* Data extract
= Beginning of Section =

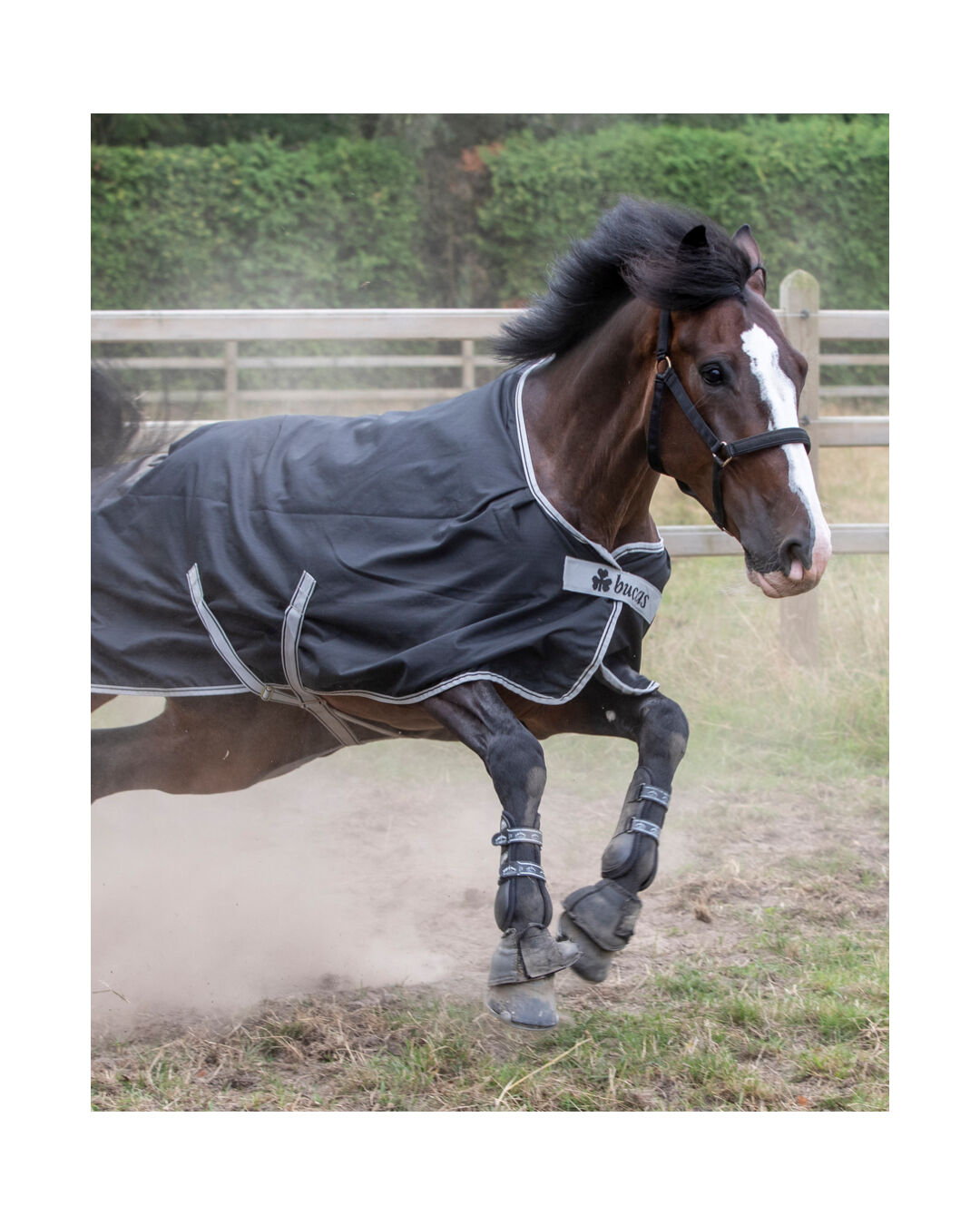 Das robuste Ripstop-Außenmaterial der Outdoordecke Anniversary Turnout von Bucas schützt dein Pferd zuverlässig vor Wind und Wetter, während das „Silk-feel“-Futter angenehm glatt auf der Haut liegt und das Fell schont.
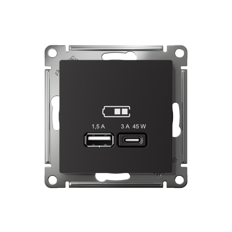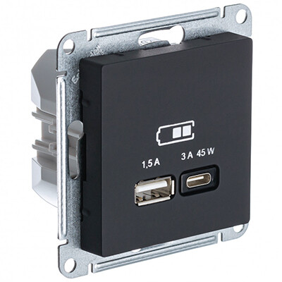 Розетка USB тип А (1,5 А) + тип C (3 А, 45 Вт) Schneider Electric ATN001029 AtlasDesign (высокоскор.заряд QC, PD), карбон
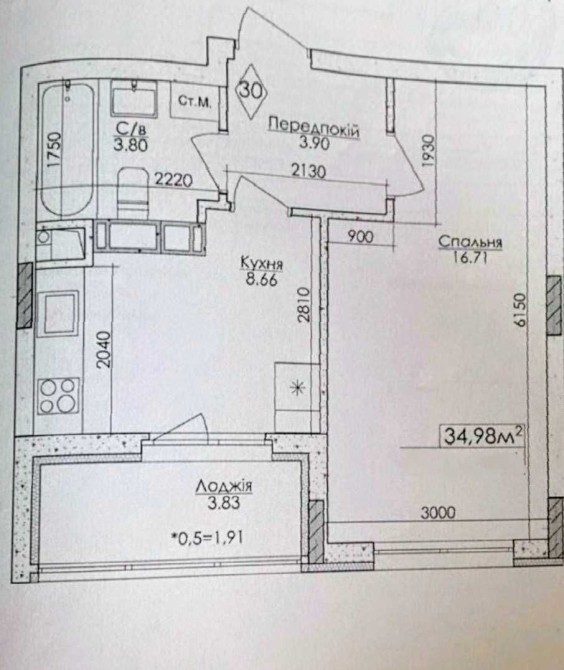 санвузол - 3,8 м², житлова площа - 16,71 м² + балкон

= End of Section =

* Required work
Copy all of the listing word for word, minus the images.

* Task answer
 Das robuste Ripstop-Außenmaterial der Outdoordecke Anniversary Turnout von Bucas schützt dein Pferd zuverlässig vor Wind und Wetter, während das „Silk-feel“-Futter angenehm glatt auf der Haut liegt und das Fell schont.
 Розетка USB тип А (1,5 А) + тип C (3 А, 45 Вт) Schneider Electric ATN001029 AtlasDesign (высокоскор.заряд QC, PD), карбон
 санвузол - 3,8 м², житлова площа - 16,71 м² + балкон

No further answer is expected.